Inspiration

Need Help? Seek Help!

I was 21 and I was failing miserably at trying to take care of myself. I had no real education. On my own since 14, I barely managed to squeeze a high school diploma and college wasn’t affordable or obtainable. I was desperately trying to pay the rent but the jobs I got weren’t more than $4 bucks an hour. It was slim picking too. In the 1980’s America suffered the worst depression since the 1930’s. Many don’t remember walking in and finding entire neighborhoods with boarded up homes. Houston’s “addicks” had just that. People were getting rid of Cadillacs and buying Volkswagen Rabbits to conserve the gas. CNN brought the rest of the world to us and it was scary. I just needed food. With one can of “Chicken and Stars” in my cupboard I realized I was a few days from being homeless, and then I was. There’s really nothing like the pain of hunger. If our basic need is security and food then one of mine was missing. The ache is do deep it’s in your bones. Your head gets foggy, your mouth stops watering and a sense of nothing comes over. The only thought, concept, goal, is food and shelter…but food first. I wanted to live, to be alive, to survive, but I wasn’t making it.
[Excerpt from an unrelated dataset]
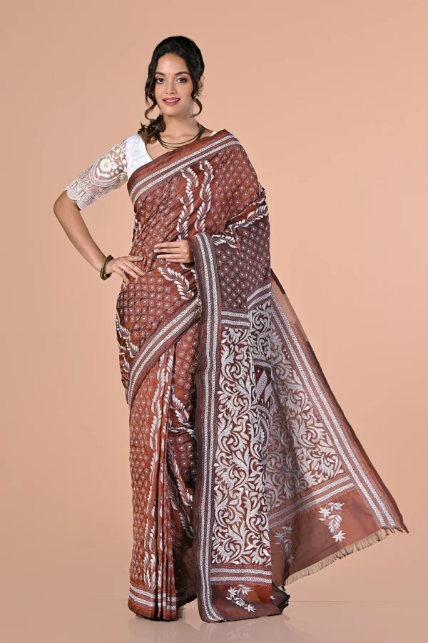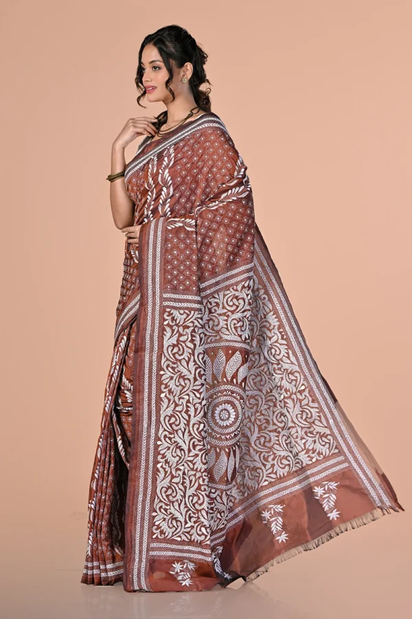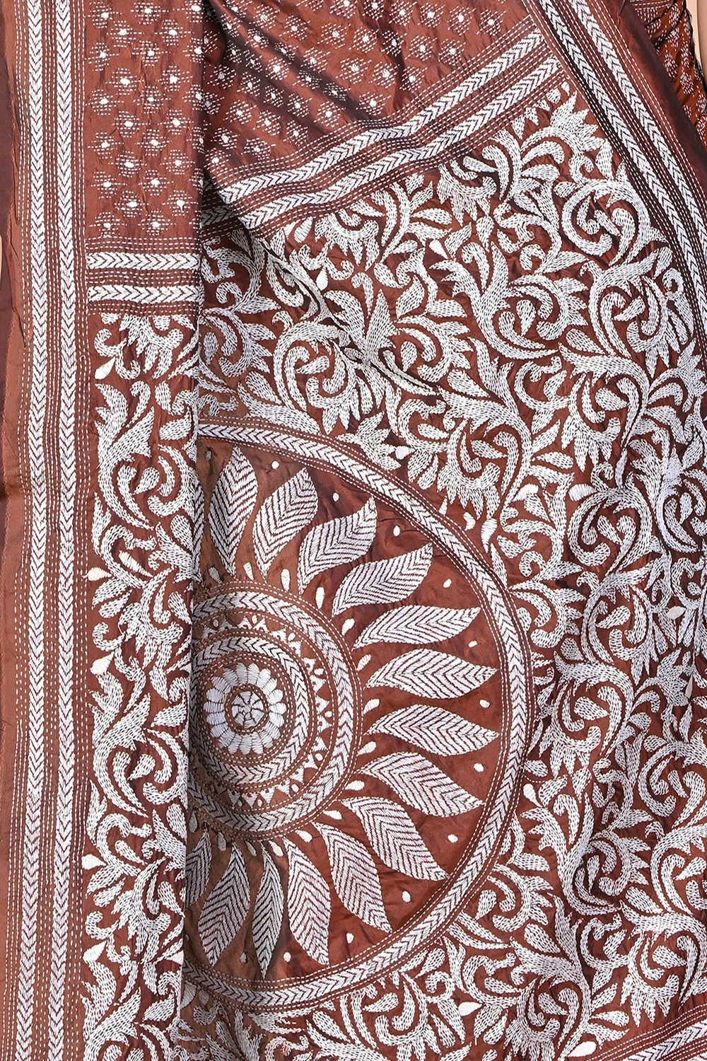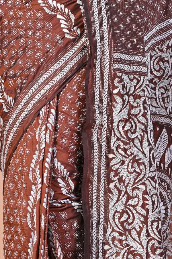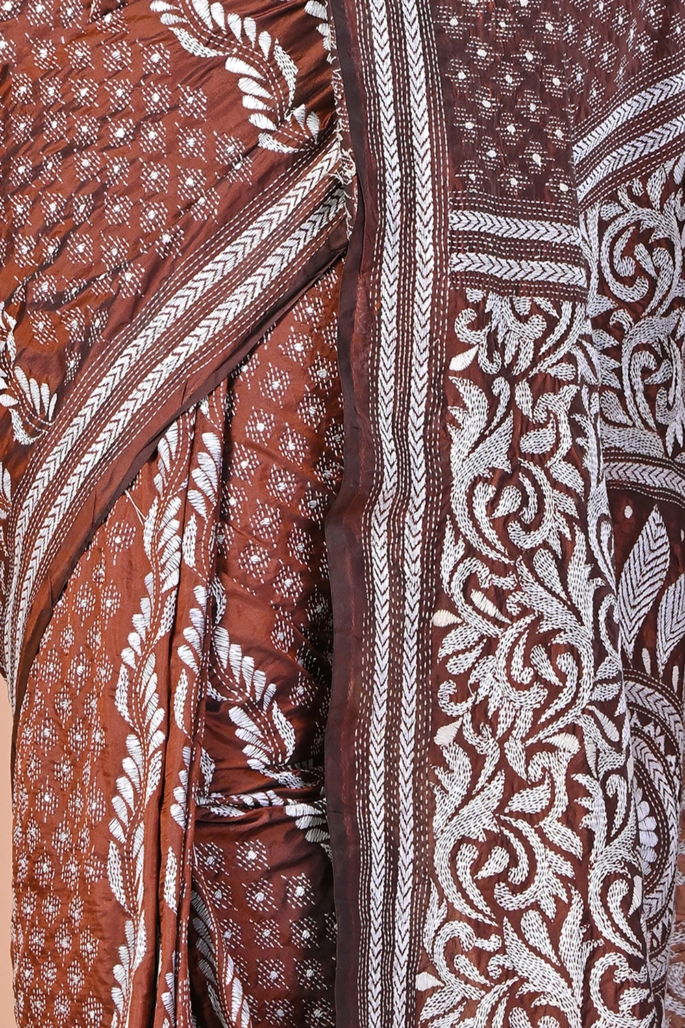 Add the Rust Brown Kantha Stitch Saree to your wardrobe. The rush brown surface of the saree is covered with hand embroidery design, showcasing the exclusive tradition of Shantiniketan. The saree is made using blended silk, creating perfect drapes and an excellent choice for regular wear. You go to office events, outings with friends, and small parties. You can also find a matching color blouse piece attached to the saree, allowing you to select the neck design of your own choice.

I was hungry and after cleaning up in public restrooms and using what money I did have to scrounge enough together for meals, I was flat broke, skinny, tired and angry because I couldn’t figure out how to get where I wanted. It was then I met someone who offered to teach me how to be independent. This is the lesson….when you’re hungry, and starving for whatever it is that you need, values, morals, and a real sense of right and wrong no longer become your focus. When you’re at your lowest and the pain is so powerful it’s hard to think of anything other than exactly what you need because human survival is such a powerful drive. Intellect, and it’s rationalization is a non factor. People make choices that determine their whole life because the moment they are in is so bad the piercing reality is to harsh to bear. Pause. If you live to be 80 then the moment you are in right now will soon be a blimp on the radar of your life. Taking time to really let someone know you need help can save you and your whole life. Get help. Get fed, even if it’s just your soul. If you’re hungry there are people out there like me who give a crap. Seek them.
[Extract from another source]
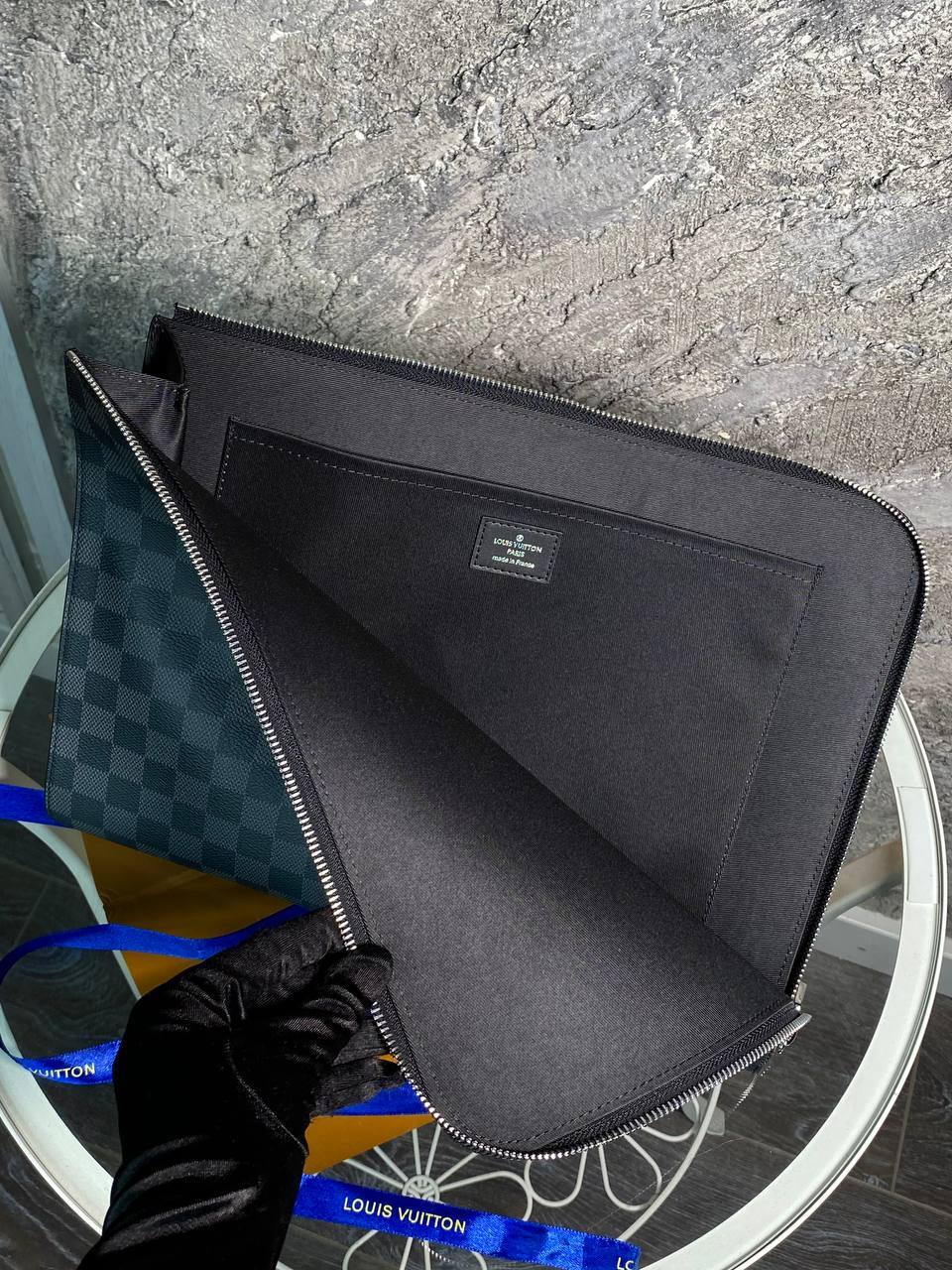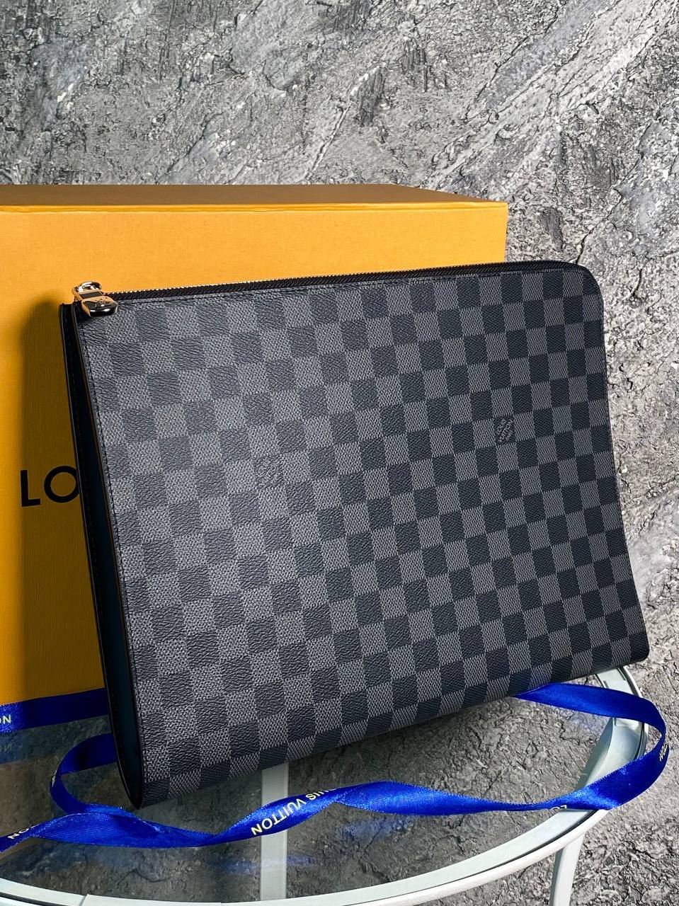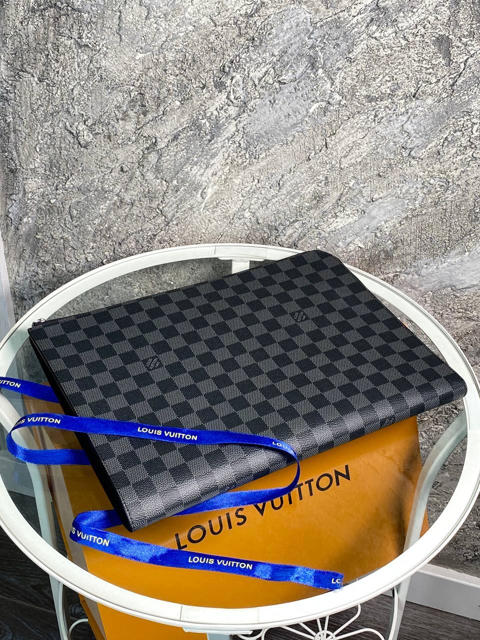 Эксклюзивная мужская папка Louis Vuitton серая, идеальный аксессуар для делового человека с чувством стиля и вкусом.

I’m always available for a phone call or an email or comment if you’re really in trouble and need immediate help.

Revelations

The Art Surviving

A long time ago, I developed a mechanism to deal with pain. I would shut my eyes and tell myself to forget. Whatever it was that scared me or made me fearful or caused me great pain all I had to do was tell myself it didn’t happen. I got so good at this over the years that I could easily process through grief or anger or even abandonment much faster then people around me. What this did was shock every one I knew because they either felt like I didn’t care or they felt like I had the ability to forgive easier than they did. Neither was the case!
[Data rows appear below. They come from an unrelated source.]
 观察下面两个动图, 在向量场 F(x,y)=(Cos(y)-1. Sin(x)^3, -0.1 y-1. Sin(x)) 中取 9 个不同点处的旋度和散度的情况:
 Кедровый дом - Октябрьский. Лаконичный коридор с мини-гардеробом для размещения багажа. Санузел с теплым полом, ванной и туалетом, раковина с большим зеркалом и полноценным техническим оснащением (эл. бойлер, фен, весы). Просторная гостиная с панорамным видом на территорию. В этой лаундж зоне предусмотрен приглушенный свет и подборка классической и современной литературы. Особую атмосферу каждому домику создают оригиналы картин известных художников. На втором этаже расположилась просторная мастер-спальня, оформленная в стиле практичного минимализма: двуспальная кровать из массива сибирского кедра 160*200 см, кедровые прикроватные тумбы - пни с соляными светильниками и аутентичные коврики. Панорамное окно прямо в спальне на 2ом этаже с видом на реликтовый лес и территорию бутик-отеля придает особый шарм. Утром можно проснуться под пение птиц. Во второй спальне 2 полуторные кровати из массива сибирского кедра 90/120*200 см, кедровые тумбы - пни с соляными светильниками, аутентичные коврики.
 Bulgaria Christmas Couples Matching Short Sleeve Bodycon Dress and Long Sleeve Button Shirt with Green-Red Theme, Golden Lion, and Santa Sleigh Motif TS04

The reason that I process quicker is not because I have all the courage in the world. It’s because I am so afraid to feel the pain that I turn it off. I cannot allow myself the luxury of being sad for long periods of time, because to me that is the ultimate sign of weakness…

I know this to be a flawed hypothesis, because over the years I have been to extensive therapy and I have learned that when you suppress the bad memories and/or the pain you also suppress the good memories!

It’s not that I am not willing to go through the pain at my age. I think I have a evolved into a master of masking my feelings so much that I cannot identify how I feel let alone have the capacity to really focus on a healthier mental state of mind.

The worst part about self reflection is the moment when you realize that you may never be able to fundamentally change the brokenness, the victimization, the actions of another, whether evil or not. Or whether those actions were intentional from those who profess to love you and end up hurting you.

Sometimes it’s best to know that you can forgive, and move on. Some things cannot be fixed. Some actions can’t be taken back. People are just people. We are all have fears, doubts, and actions we wish we didn’t take!

Even though those actions hurt me deeply I cannot use that pain to try and understand my future any longer!

I am going to have to figure out a way to have grace and forgiveness in my heart all the time not just part time and to take that grace and forgiveness and look at somebody with merciful eyes and give every single person that I see a chance of newness, freshness and genuine sincerity. I think that’s just what I’m going to have to do…. because right now, that’s all I can do!